19 Nov 2016

# Recursion - The queen of algorithm

Author: derek0883@gmail.com

From brute force to ultimate optimization - Recursion Method. I solve different algorithm problem with one simple strategy – Recusion, we get clue from here, then optimize the solution step by step.

I love recursion. recursion is simple, recursion is neat, recursion is a beauty, and recursion is art of compute science. On of greatest German mathematician Gauss said: mathematics is the queen of the sciences and number theory is the queen of mathematics. As an ESL – English as a Second Language, please allow me to copycat this wisdom to show my faith to recursion.
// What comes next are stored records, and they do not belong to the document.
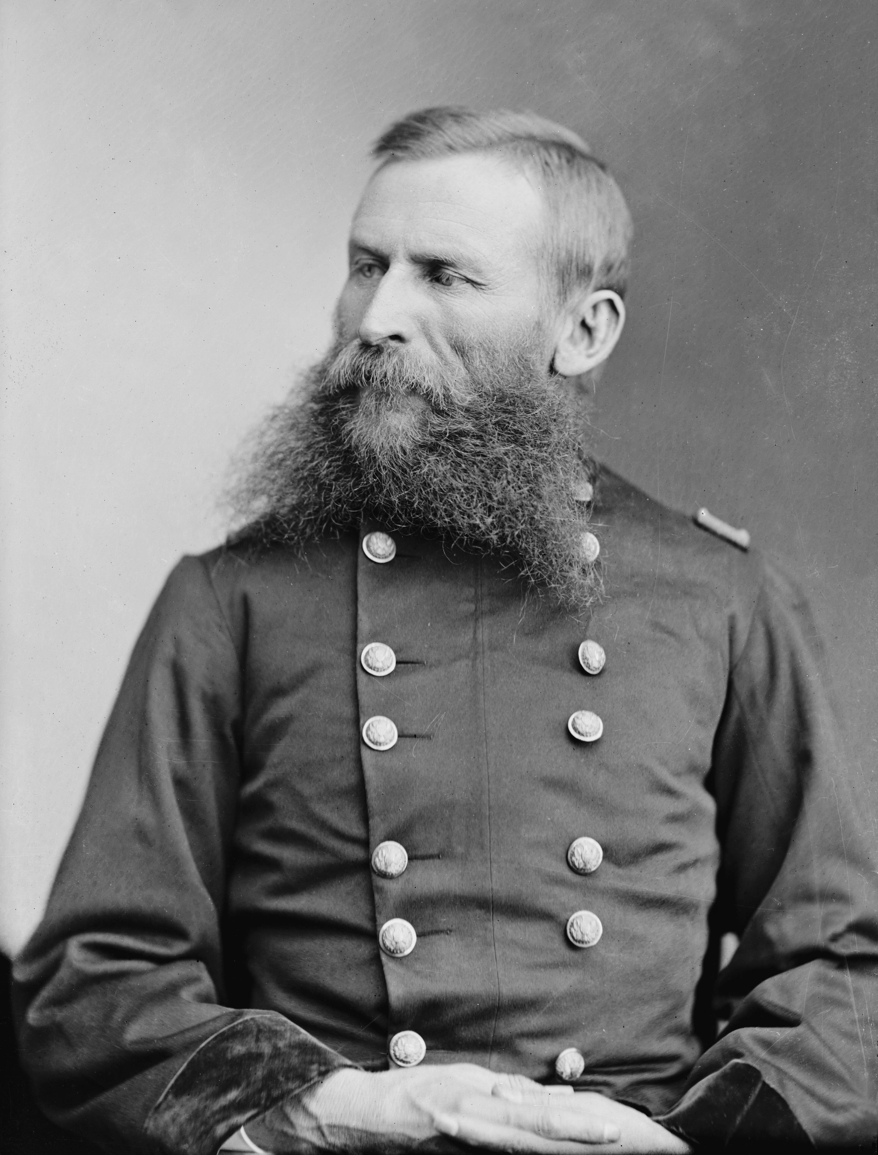 George Crook. Library of Congress description: "Gen. George Crook, U.S.A."
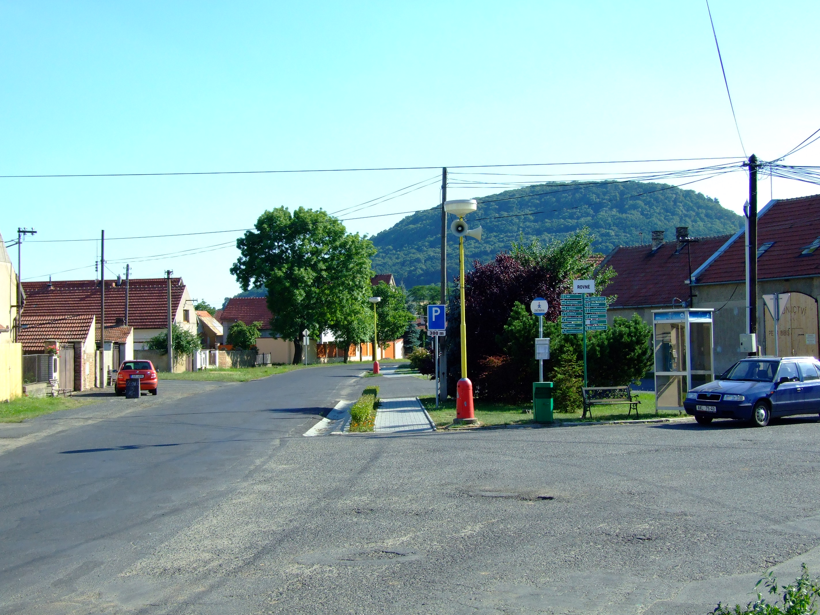 Rovné, part of Krabčice village in Litoměřice District, Ústí nad Labem Region, CZ
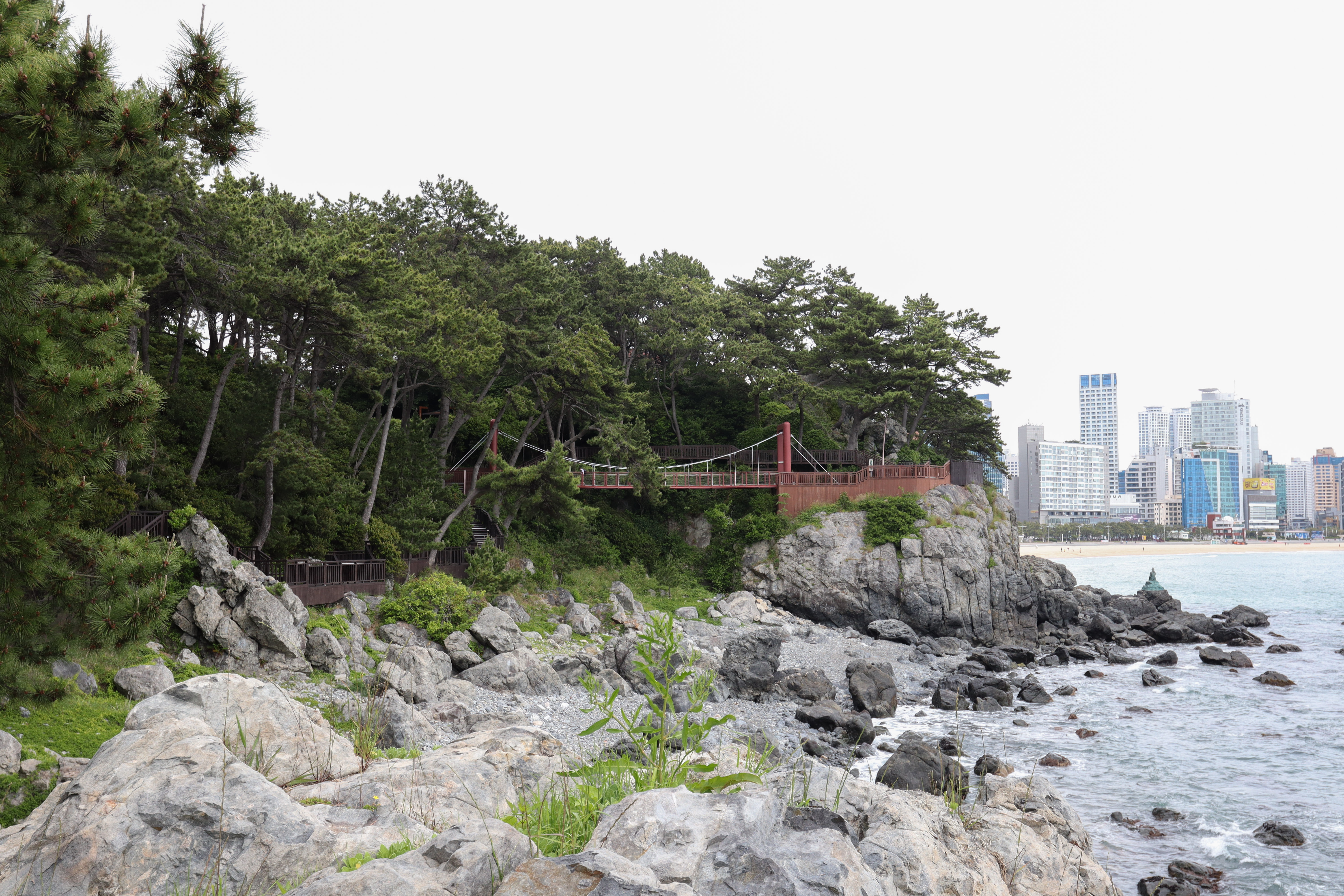 Dongbaek Island, Busan, South Korea
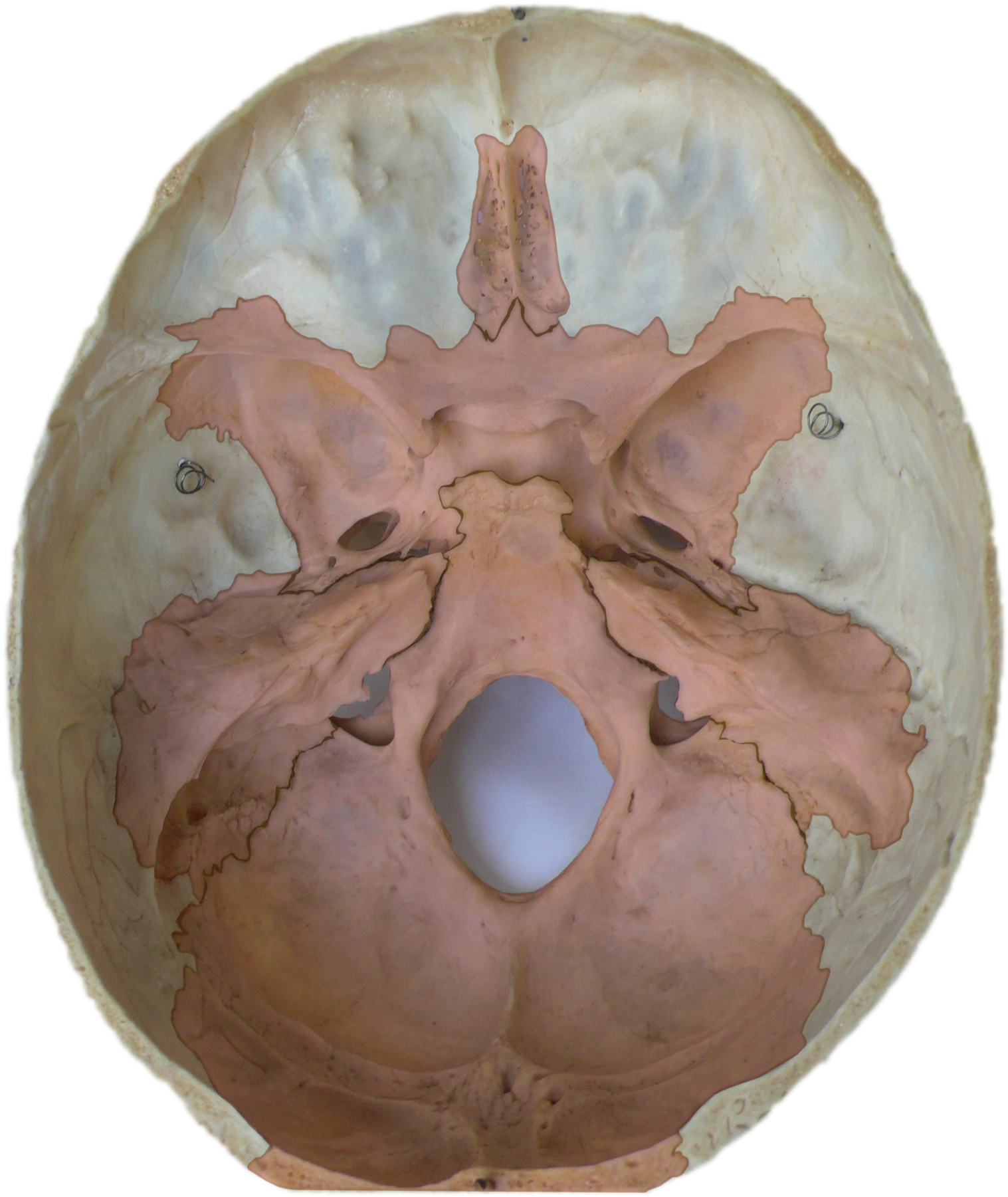 The ossified endocranium of a human skull. Endocranial elements coloured pink, suture lines have been exaggerated for clarity. Based on Kent & Miller (1996): Comparative Anatomy of the Vertebrates, figure 9.6, p 160.
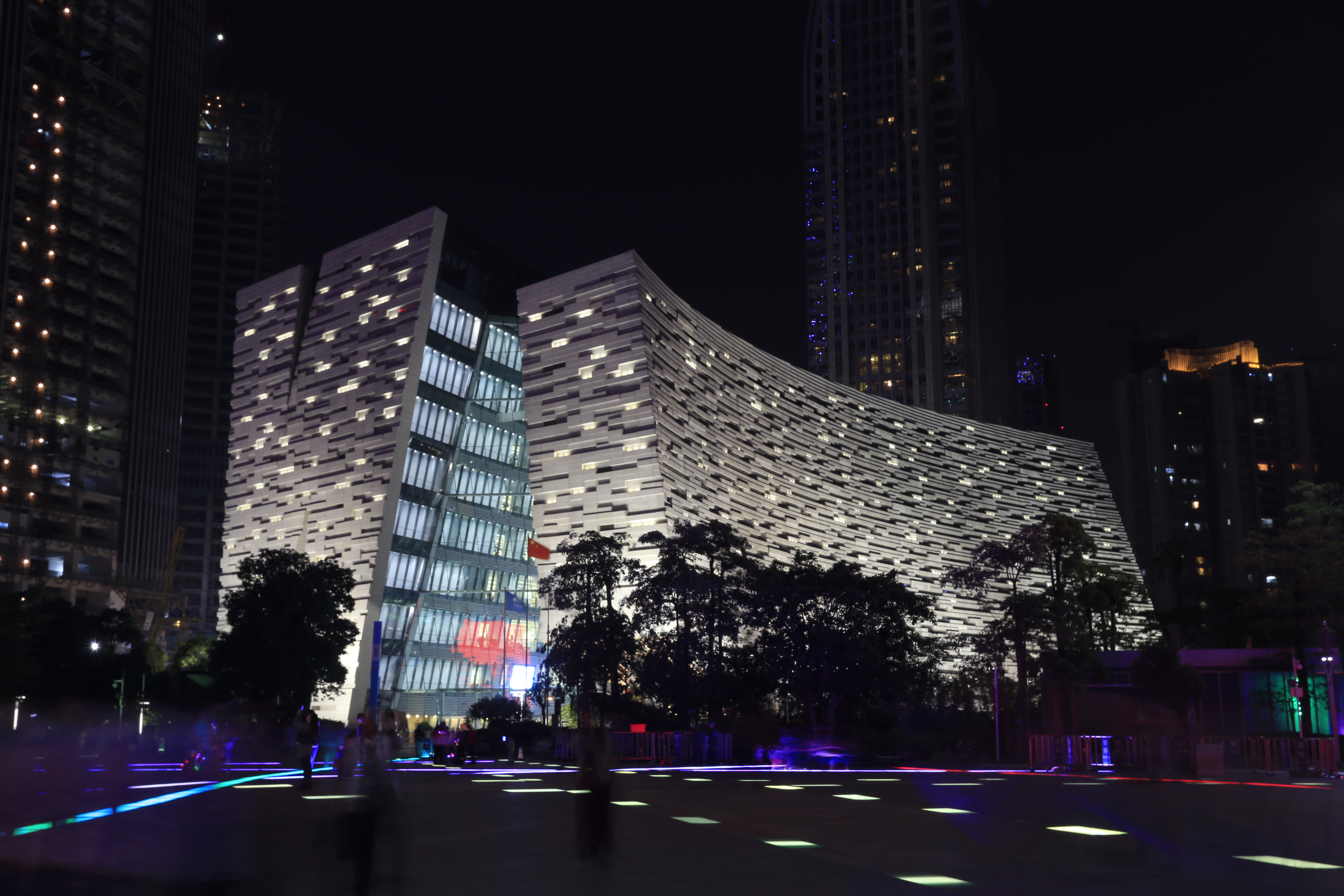 Guangzhou Library
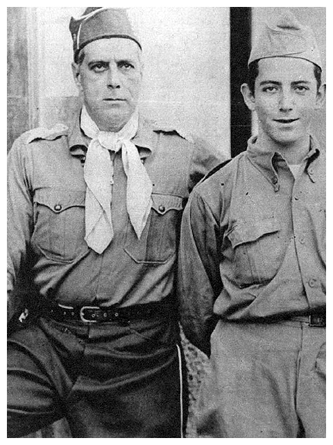 Euclides de Oliveira Figueiredo and his son, Guilherme Figueiredo.
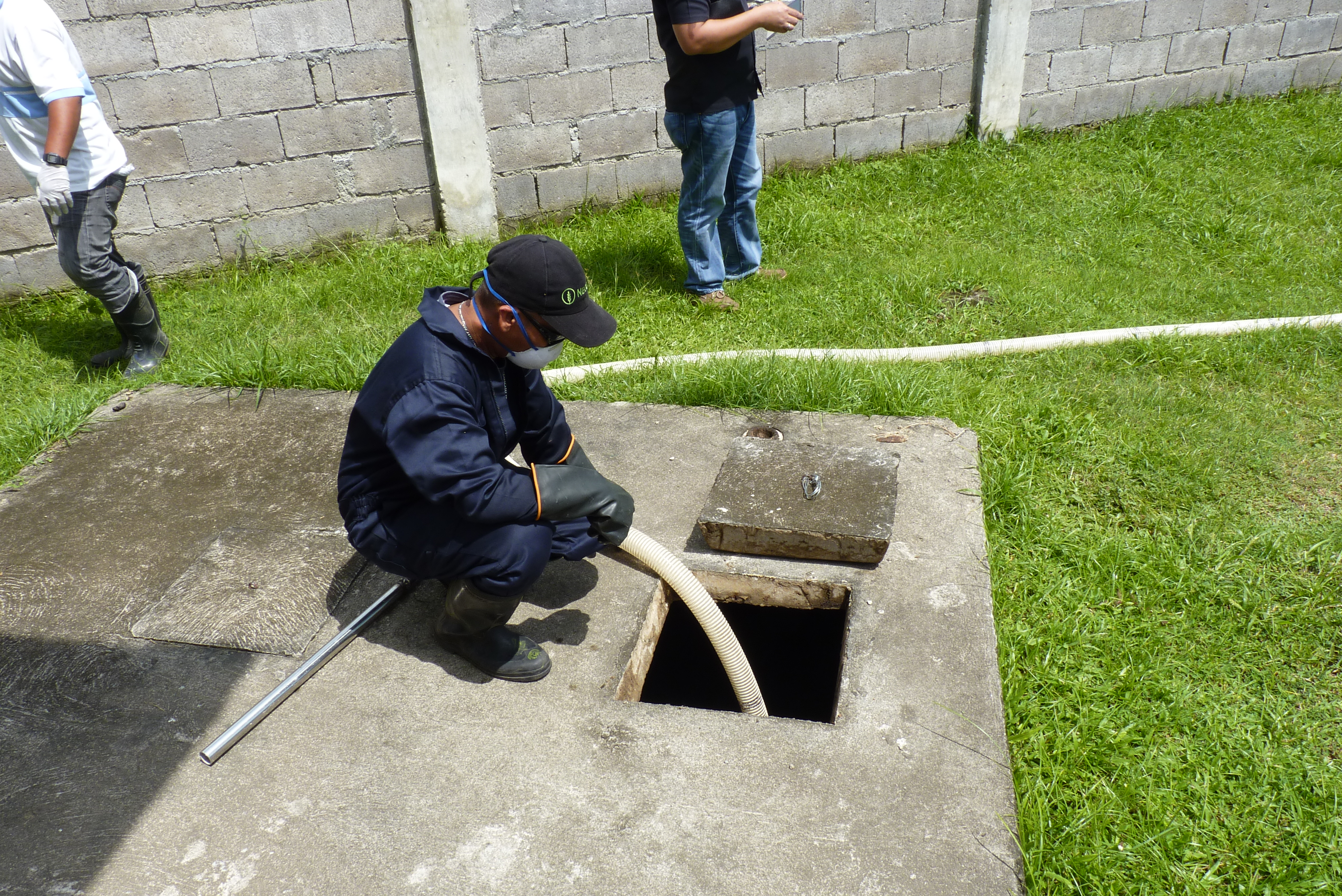 Desluding using proper PPE. Dumaguete Philippines

Algorithm is the queen of the computer sciences and recursion is the queen of Algorithm.

When you were given an algorithm or data structure problem, you might have no clue how to solve it. after you searched online and checked other one’s solution. no matter what method they use. e.g. DP, BSF, DFS, Divide-and-Conquer, and so on. you might feel, Oh it is not difficult at all. I should have be able to solve it independently. Then even give you another similar problem, you still have no clue, until you checked answer again, and you experience same feeling again, It is so easy, why couldn’t I have thought in that way? Don’t be frustrated, My serial «From brute force to ultimate optimization (a recursion method)» is right for you. Most people only focus on final optimized answer, but a much important thing is the journey from unknown to ultimate right answer, how you approach the problem step by step. ancient Chinese says: “Give a man a fish and you feed him for a day; teach a man to fish and you feed him for a lifetime.” keep in mind, fish is not our goal, fishing skill is what we ultimately pursued. This serial will give you fishing skill other than fish.

Fibonacci numbers famous example in any algorithm text-book, I just follow this unwritten rules here to show you the beauty of recursion. In mathematical terms, the sequence Fn of Fibonacci numbers is defined by the recurrence relation Fn = Fn-1 + Fn-2 with seed values F0 = 0 and F1 = 1.

``````long fibonacci(int n) {
if (n <= 1)
return n;
else
return fibonacci(n-1) + fibonacci(n-2);
}
``````

Fore sure, this simple and neat example will not convince you that how powerful recursion it is. Don’t worry, as this serial going on, you will be surprised by the beauty of recursion.